Democracy vs dictatorship (II)


Ammar Rashid June 10, 2010

LAHORE: The article that you published on June 10 by Javed Chaudhry was a nicely-executed and thinly-veiled attack on democracy there by the writer, masquerading as a mere vehicle for public opinion.

Some of the implicit opinions being expressed in this piece are truly astounding in their unintended hilarity. So the dictators lived and exited comfortably and ‘with full protocol’ because they kept the poor people happy? Not, heaven forbid, because they had the institutional and military might of the army, the subservience of other state institutions and the political and financial support of the United States at their disposal?

We never learn in this country, do we? Barely two years down and we’re back to the age-old tradition of glorifying and romanticising military rulers based on the most tenuous evidence imaginable.

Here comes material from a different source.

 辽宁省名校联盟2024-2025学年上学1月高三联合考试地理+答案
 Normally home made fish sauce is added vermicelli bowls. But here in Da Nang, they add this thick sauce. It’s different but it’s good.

Case in point: Yahya’s body was wrapped in a Pakistan flag, while Bhutto was summarily executed, ergo, military rulers are more ‘respected’? Yes, Mr Chaudhry, the same army that judicially murdered the first elected leader of this country was the one that gave the genocidal tyrant Yahya a state funeral.

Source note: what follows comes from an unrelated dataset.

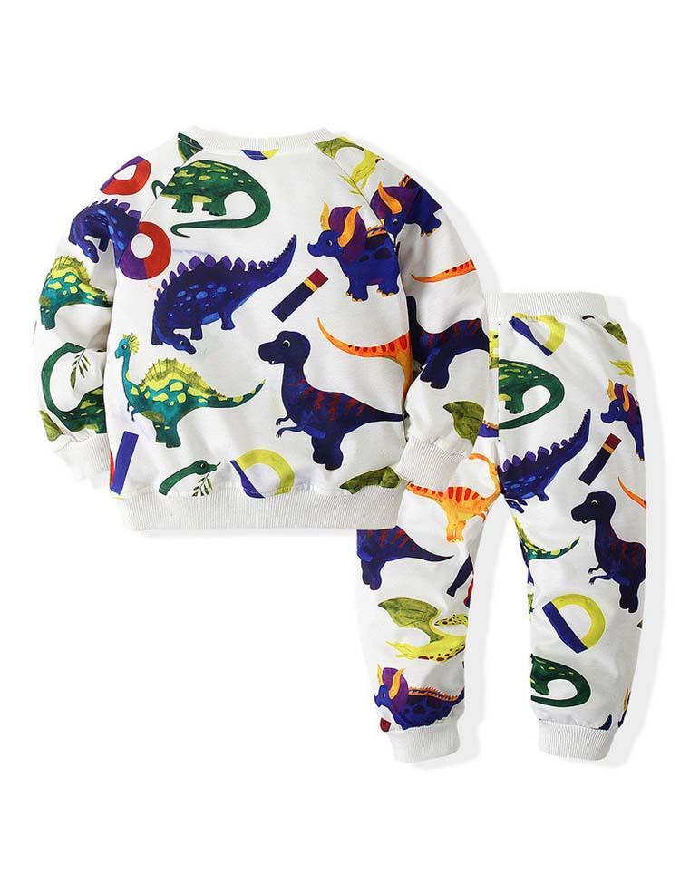Dinosaur Printed Sweat Casual Pants Two-Piece Set
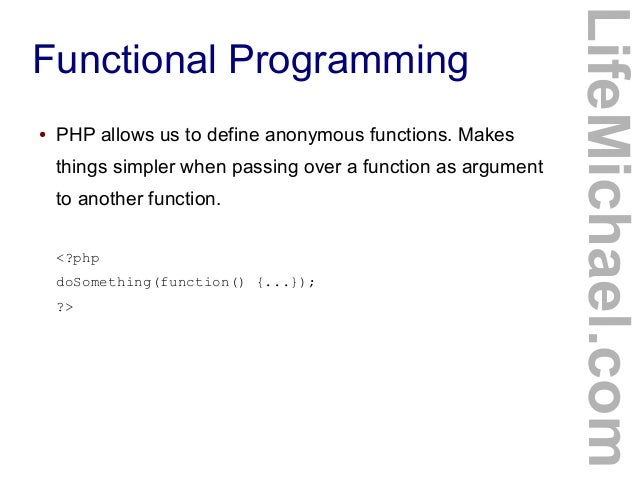 11. 11. ● PHP allows us to define anonymous functions. Makes things simpler when passing over a function as argument to another function. <?php doSomething(function() {...}); ?> LifeMichael.com Functional Programming

We truly need to work, in this country, on separating the valid critique of democratic governance from unwarranted and ill-informed aggrandisement of military rule.

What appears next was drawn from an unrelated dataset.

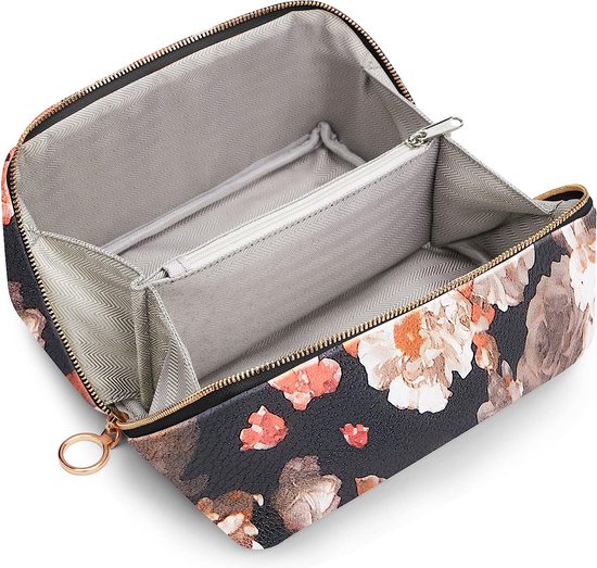 Trousse de toilette pour femme de grande capacité, trousse à cosmétiques, trousse de maquillage, trousse de maquillage de voyage avec compartiments, trousse à crayons (fleur noire-2)

Published in the Express Tribune, June 11th, 2010.

COMMENTS (1)

Haris | 14 years ago | Reply Must appreciate the following closing sentence by the letter writer; "We truly need to work, in this country, on separating the valid critique of democratic governance from unwarranted and ill-informed aggrandisement of military rule." Perhaps the thin line could prove self-degradable, if only the former had anything to overshadow the latter, other than empty slogans. Just as tertiary 'goods' such as constitutional reforms matter zilch to the hand-to-mouth third world citizen, who's deprived of sufficient livelihood, comfort, safety, leisure and primary food & water, likewise, whether it's a Fauji DMS boot, a Saleem-Shahi/Khussa or a Peshawari-Chappal trampling the awaam matters nothing to the common man...especially when the measure becomes merely who tramples with lesser force or offers at least some respite.